▶ **Source material**
——
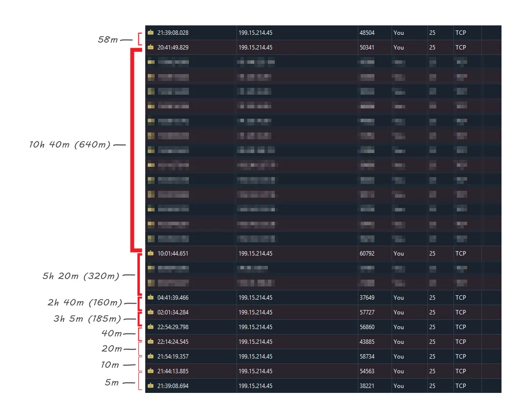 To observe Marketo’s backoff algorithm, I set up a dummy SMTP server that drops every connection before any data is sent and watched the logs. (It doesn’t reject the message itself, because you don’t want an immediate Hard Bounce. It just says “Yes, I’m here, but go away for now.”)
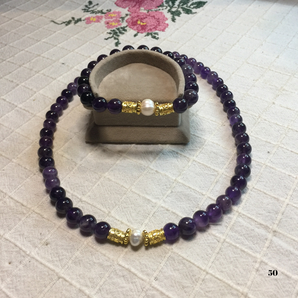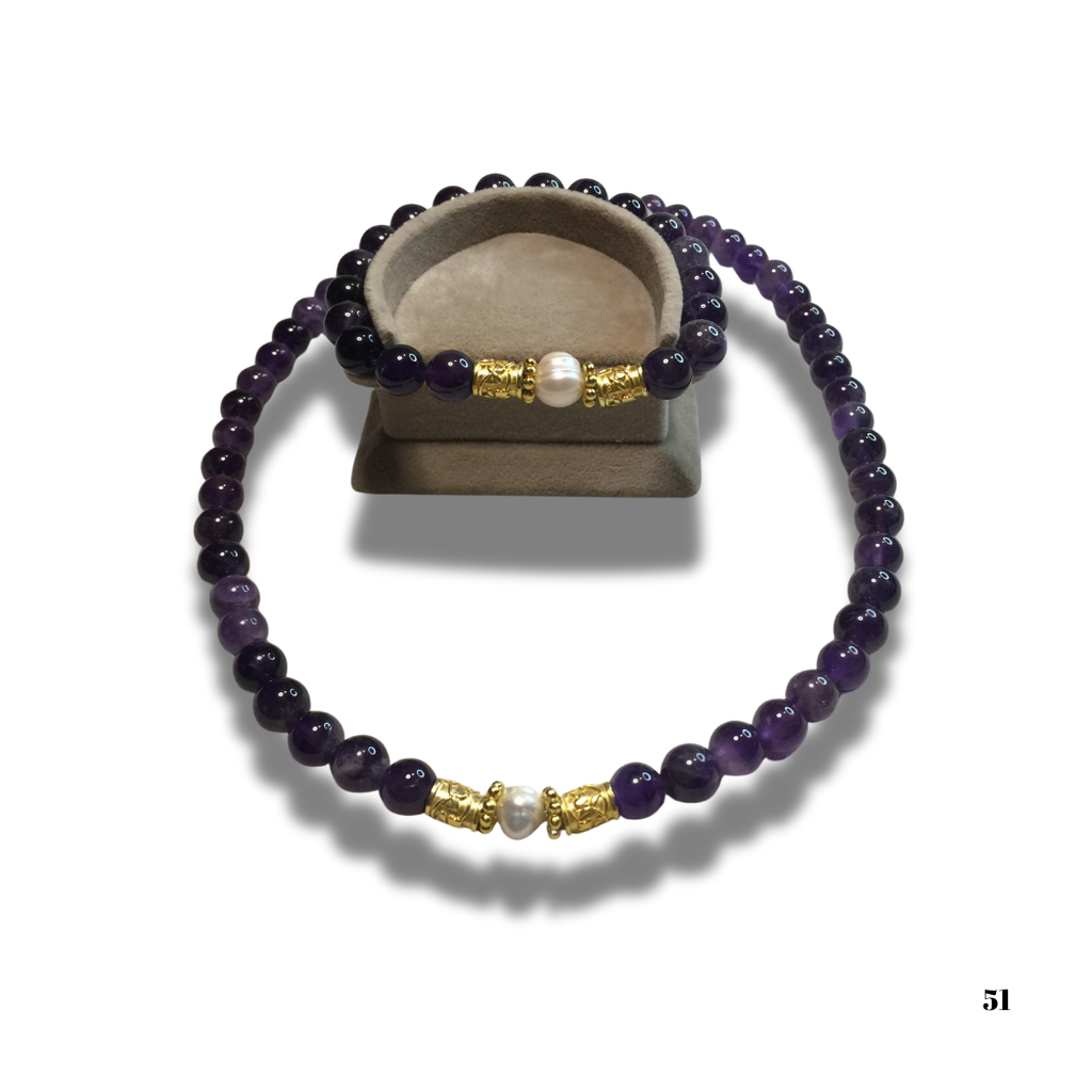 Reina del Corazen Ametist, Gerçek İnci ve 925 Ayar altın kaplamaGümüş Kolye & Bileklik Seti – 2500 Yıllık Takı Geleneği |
——
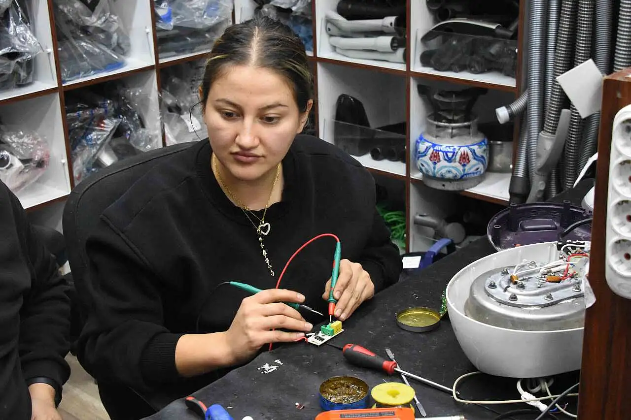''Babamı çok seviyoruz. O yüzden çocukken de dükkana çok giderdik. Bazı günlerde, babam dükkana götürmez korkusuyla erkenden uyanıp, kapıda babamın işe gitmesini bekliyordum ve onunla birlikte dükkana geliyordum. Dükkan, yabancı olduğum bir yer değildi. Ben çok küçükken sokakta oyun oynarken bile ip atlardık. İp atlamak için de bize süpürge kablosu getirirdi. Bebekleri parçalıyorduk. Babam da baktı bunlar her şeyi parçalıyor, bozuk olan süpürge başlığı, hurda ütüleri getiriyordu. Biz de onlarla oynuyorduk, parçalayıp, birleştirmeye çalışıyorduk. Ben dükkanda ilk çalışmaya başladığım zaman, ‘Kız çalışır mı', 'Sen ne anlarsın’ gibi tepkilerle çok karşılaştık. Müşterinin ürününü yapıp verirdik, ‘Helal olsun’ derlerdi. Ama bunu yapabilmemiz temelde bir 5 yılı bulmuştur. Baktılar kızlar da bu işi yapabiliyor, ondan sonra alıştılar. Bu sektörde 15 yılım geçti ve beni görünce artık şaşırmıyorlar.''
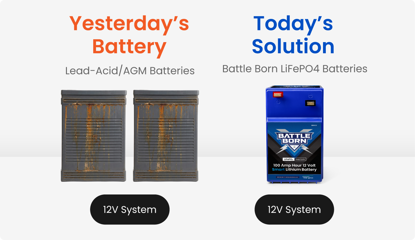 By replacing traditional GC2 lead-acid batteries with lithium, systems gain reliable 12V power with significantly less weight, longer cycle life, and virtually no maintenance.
——
▶ **Problem to work on**
What's needed is an exact copy of the lines above from the one with "To observe Marketo’s" through the one with "Reina del Corazen", both included; the pictures stay out.

▶ **Response area**
 To observe Marketo’s backoff algorithm, I set up a dummy SMTP server that drops every connection before any data is sent and watched the logs. (It doesn’t reject the message itself, because you don’t want an immediate Hard Bounce. It just says “Yes, I’m here, but go away for now.”)
 Reina del Corazen Ametist, Gerçek İnci ve 925 Ayar altın kaplamaGümüş Kolye & Bileklik Seti – 2500 Yıllık Takı Geleneği |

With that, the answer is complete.